TASK OBJECTIVE: Starting at the line that contains "Бумага упаковочная глянцевая" and stopping at the line that contains "Es una bella", transcribe every line of the material below exactly; pictures stay out.

PROVIDED DATA:
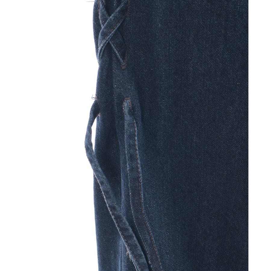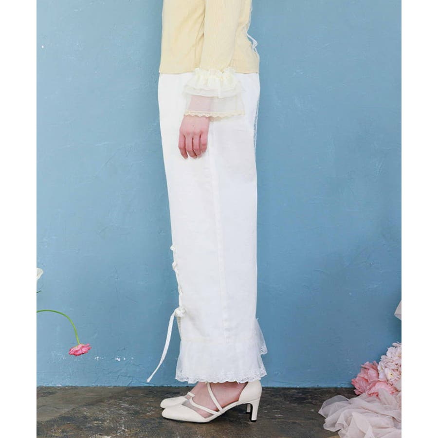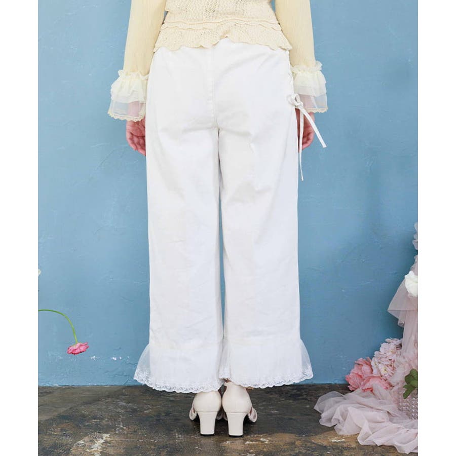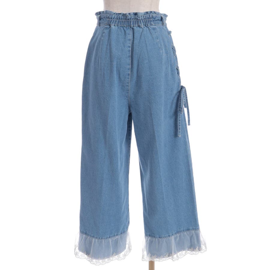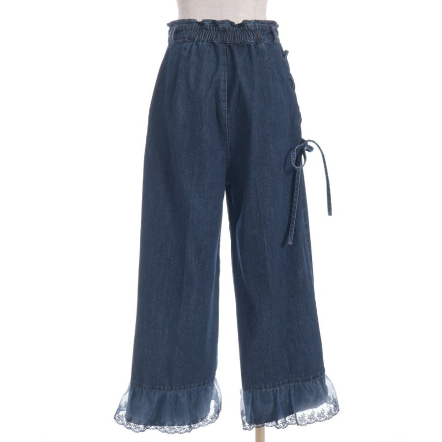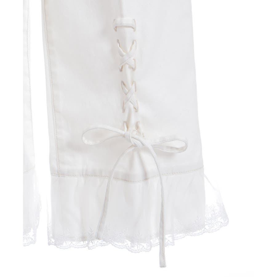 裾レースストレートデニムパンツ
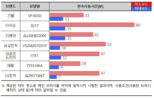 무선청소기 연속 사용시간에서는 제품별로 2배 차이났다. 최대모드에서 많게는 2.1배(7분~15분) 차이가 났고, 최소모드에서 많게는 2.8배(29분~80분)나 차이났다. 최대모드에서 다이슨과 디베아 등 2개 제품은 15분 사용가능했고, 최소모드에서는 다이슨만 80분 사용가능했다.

...

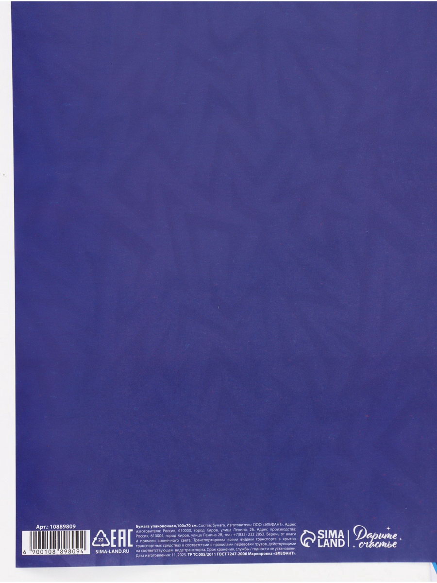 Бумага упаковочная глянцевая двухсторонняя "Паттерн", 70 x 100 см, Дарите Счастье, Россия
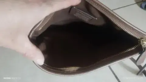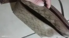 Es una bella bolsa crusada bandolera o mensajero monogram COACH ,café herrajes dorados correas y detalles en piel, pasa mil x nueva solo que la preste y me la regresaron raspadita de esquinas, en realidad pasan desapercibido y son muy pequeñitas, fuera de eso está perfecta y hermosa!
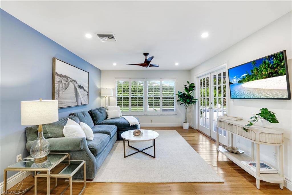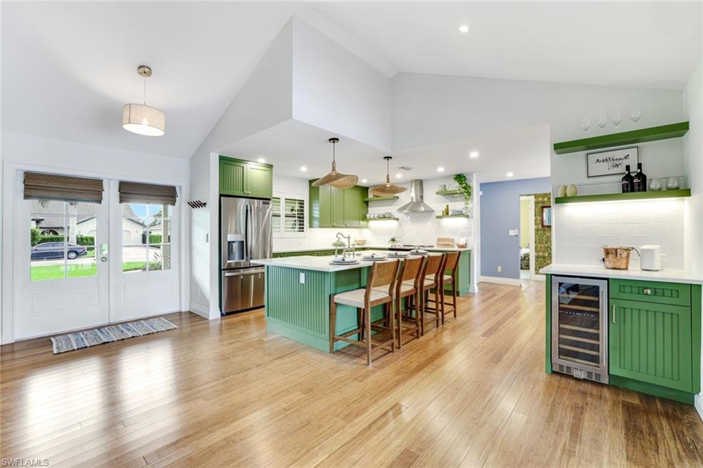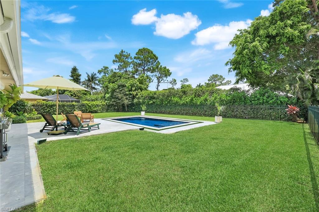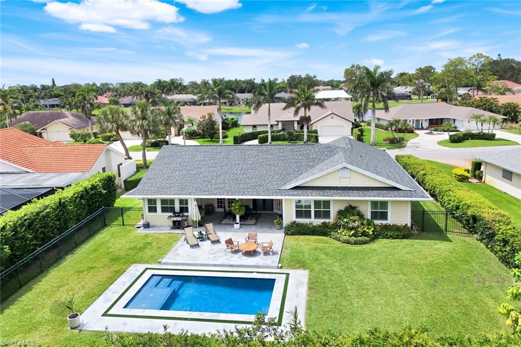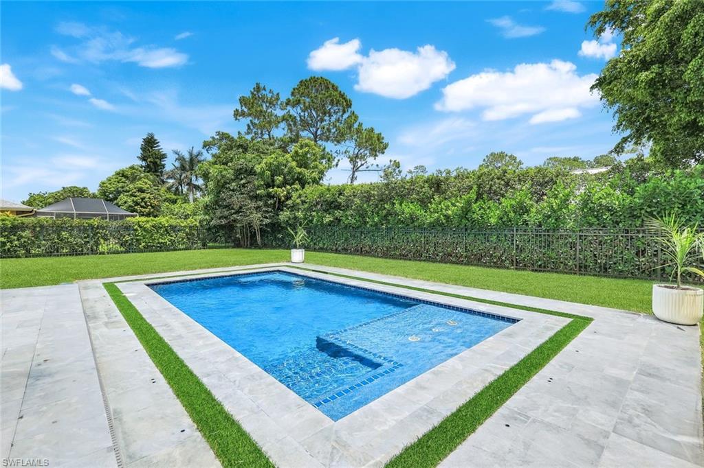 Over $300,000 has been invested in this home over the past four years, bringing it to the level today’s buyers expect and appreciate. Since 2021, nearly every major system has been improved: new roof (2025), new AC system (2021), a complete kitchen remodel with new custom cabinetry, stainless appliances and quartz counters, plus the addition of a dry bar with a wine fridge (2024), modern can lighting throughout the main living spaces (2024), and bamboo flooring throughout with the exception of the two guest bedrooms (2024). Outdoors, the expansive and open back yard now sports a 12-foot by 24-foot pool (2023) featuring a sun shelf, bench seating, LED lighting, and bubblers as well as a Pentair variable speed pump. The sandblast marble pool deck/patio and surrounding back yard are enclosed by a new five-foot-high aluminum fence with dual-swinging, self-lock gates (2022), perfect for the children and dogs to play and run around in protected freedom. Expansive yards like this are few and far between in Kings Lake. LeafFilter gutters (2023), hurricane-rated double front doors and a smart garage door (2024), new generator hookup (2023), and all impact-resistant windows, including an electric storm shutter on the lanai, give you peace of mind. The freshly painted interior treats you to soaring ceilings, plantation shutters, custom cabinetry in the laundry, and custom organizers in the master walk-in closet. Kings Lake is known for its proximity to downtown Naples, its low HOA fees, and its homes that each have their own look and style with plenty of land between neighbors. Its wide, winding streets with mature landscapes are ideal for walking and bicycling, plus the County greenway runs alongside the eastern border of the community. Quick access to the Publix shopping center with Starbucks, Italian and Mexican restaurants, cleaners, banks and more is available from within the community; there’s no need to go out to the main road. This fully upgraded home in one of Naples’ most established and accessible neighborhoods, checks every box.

--

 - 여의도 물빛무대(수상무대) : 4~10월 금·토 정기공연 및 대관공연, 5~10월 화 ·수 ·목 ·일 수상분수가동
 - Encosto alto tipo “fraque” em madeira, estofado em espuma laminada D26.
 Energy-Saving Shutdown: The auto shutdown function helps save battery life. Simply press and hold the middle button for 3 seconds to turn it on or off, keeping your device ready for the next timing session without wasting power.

THE ANSWER:
 Бумага упаковочная глянцевая двухсторонняя "Паттерн", 70 x 100 см, Дарите Счастье, Россия
 Es una bella bolsa crusada bandolera o mensajero monogram COACH ,café herrajes dorados correas y detalles en piel, pasa mil x nueva solo que la preste y me la regresaron raspadita de esquinas, en realidad pasan desapercibido y son muy pequeñitas, fuera de eso está perfecta y hermosa!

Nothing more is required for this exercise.